Hi folks,
I was looking into the bug https://issues.apache.org/jira/browse/CTAKES-63
Where the lucene dictionary lookup would break with a search string such as:
"mailto:[email protected]<mailto:[email protected]>]"
After some debugging, this happens when the token contains a dash (-), and
contains a special char such as the right bracket].
//I believe all of the chars in the QueryParser str token should be escaped to
avoid issues such as a token ending with ']'
Before we add and test the proposed fixed (add escape() call) such as below, I
also noticed another potential issue: we do search and replace of all dashes
into spaces. Just wanted to ensure that this was done intentionally and works
fine because the dashes have already been removed in the index. Otherwise,
we'll need to actually replace the dash with a '?' instead of a space or use a
phrasequery instead of termquery. Would be great if someone familiar with this
bit of code to confirm...
LuceneDictionaryImpl.java (dictionary-lookup) [~Line 106]

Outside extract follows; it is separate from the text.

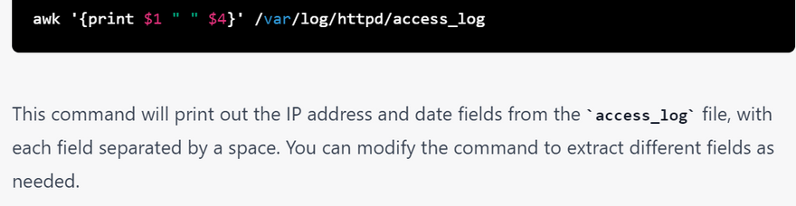 The awk command can be used to extract specific fields from the access_log file. For example, to extract the IP address and date fields from the access_log file, you can use the following command: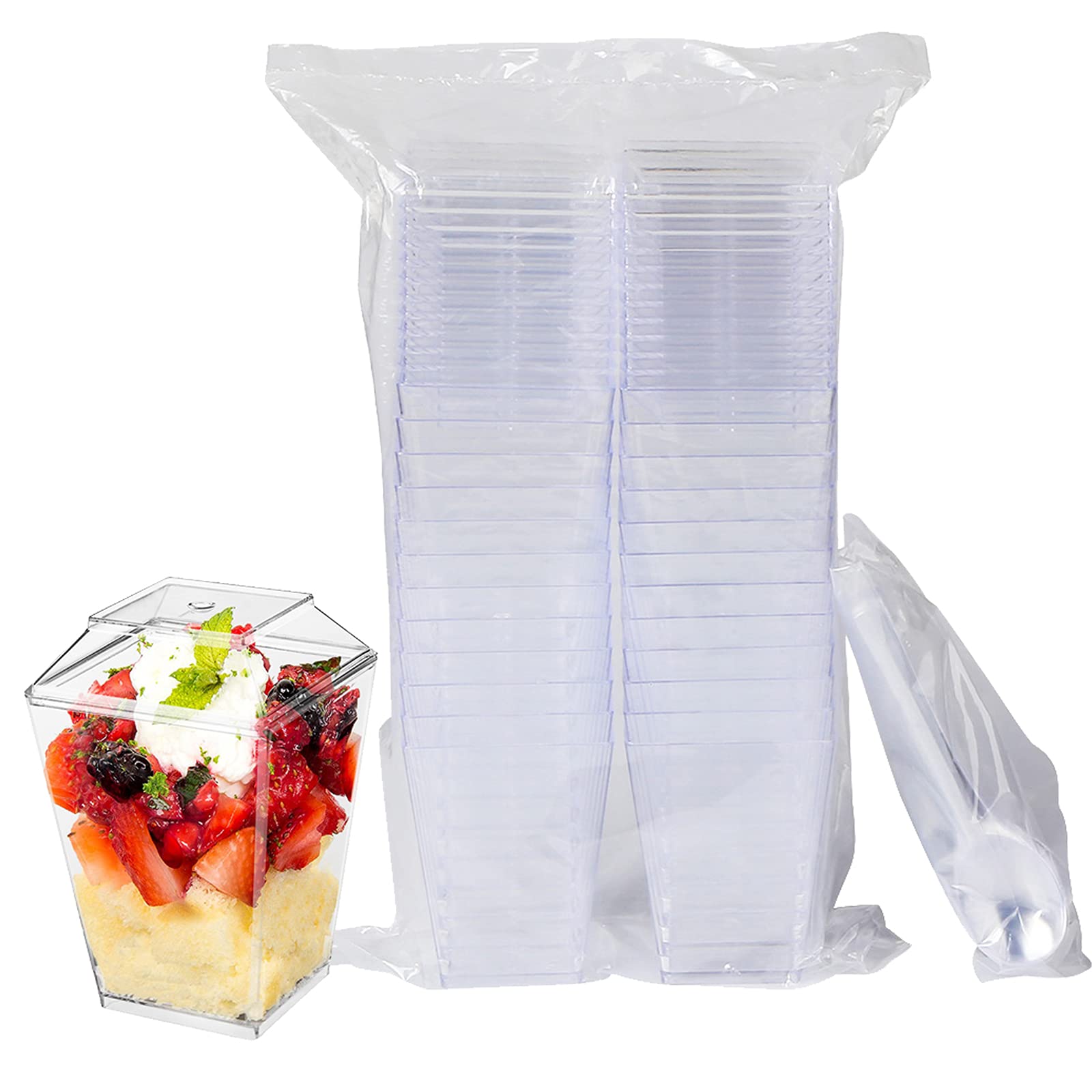 Order now: 5oz Dessert Cups, 60 Pack Square Clear Plastic Appetizer Cups with Lids and Spoons from amazon.com

if (str.indexOf('-') == -1) {
q = new TermQuery(new Term(iv_lookupFieldName, str));
topDoc = iv_searcher.search(q, iv_maxHits);
}
else { // needed the KeyworkAnalyzer for situations where the
hypen was included in the f-word
QueryParser query = new QueryParser(Version.LUCENE_30,
iv_lookupFieldName, new KeywordAnalyzer());
try {
//topDoc =
iv_searcher.search(query.parse(str.replace('-', ' ')), iv_maxHits);
//proposed fixed
String escaped =
QueryParser.escape(str.replace('-', ' '));
topDoc = iv_searcher.search(query.parse(escaped),
iv_maxHits);
} catch (ParseException e) {
// TODO Auto-generated catch block
e.printStackTrace();
}
}